A comparison of nearby incremental ground level and in plant concentrations of air pollutants emitted from electronics facilities

^*P. L. Law, S. C. Gracie Chong, A. Baharun and A. Abdul Rahman

Department of Engineering, University of Malaysia Sarawak (UNIMAS), Kota Samarahan, Sarawak, Malaysia

*Corresponding author, Email: puonglaw@feng.unimas.my Tel.: +6082-672 317; Fax: +6082-672 317

Received 22 March 2006; revised 25 May 2006; accepted 5 June 2006; available online 25 June 2006

Code Number: st06031

ABSTRACT: Air dispersion modeling by was recently conducted to predict the incremental ground level and inplant concentrations of toxic organic chemicals due to stack and fugitive emissions from Sama Jaya Free Industrial Zone (SJFIZ), Kuching, Sarawak, Malaysia. Simulations of organic air pollutants emitted from industrial facilities in SJFIZ from years 1996 to 2001 were carried out in September 2004 by members of Faculty of Engineering, Universiti Malaysia Sarawak (UNIMAS). The results indicated that there were negligible amount of maximum incremental ground level concentrations of less than 3x10^-2 µg/m³ for 365-day average, and less than 18x10^-2 µg/m³ for 24 h. average. For in-plant maximum incremental concentrations, it is found that the simulated results were much lower than TWA values, except xylene.

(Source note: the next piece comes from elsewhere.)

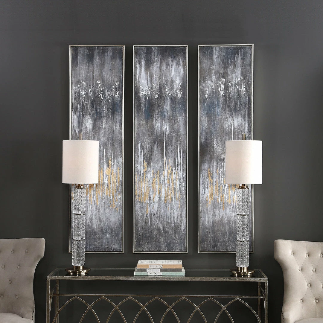Uttermost Gray Showers Hand Painted Canvases, Set/3

The predicted in plant concentration of xylene was 119.21 (parts per million) ppm as compared to ACGIH TLV-TWA of 100 ppm approximately 19% higher than ACGIH recommended values. From this study, it was concluded that both nearby population and in plant workers were not potentially at risk to exposing organic chemicals far lower than the threshold limit levels set by ACGIH.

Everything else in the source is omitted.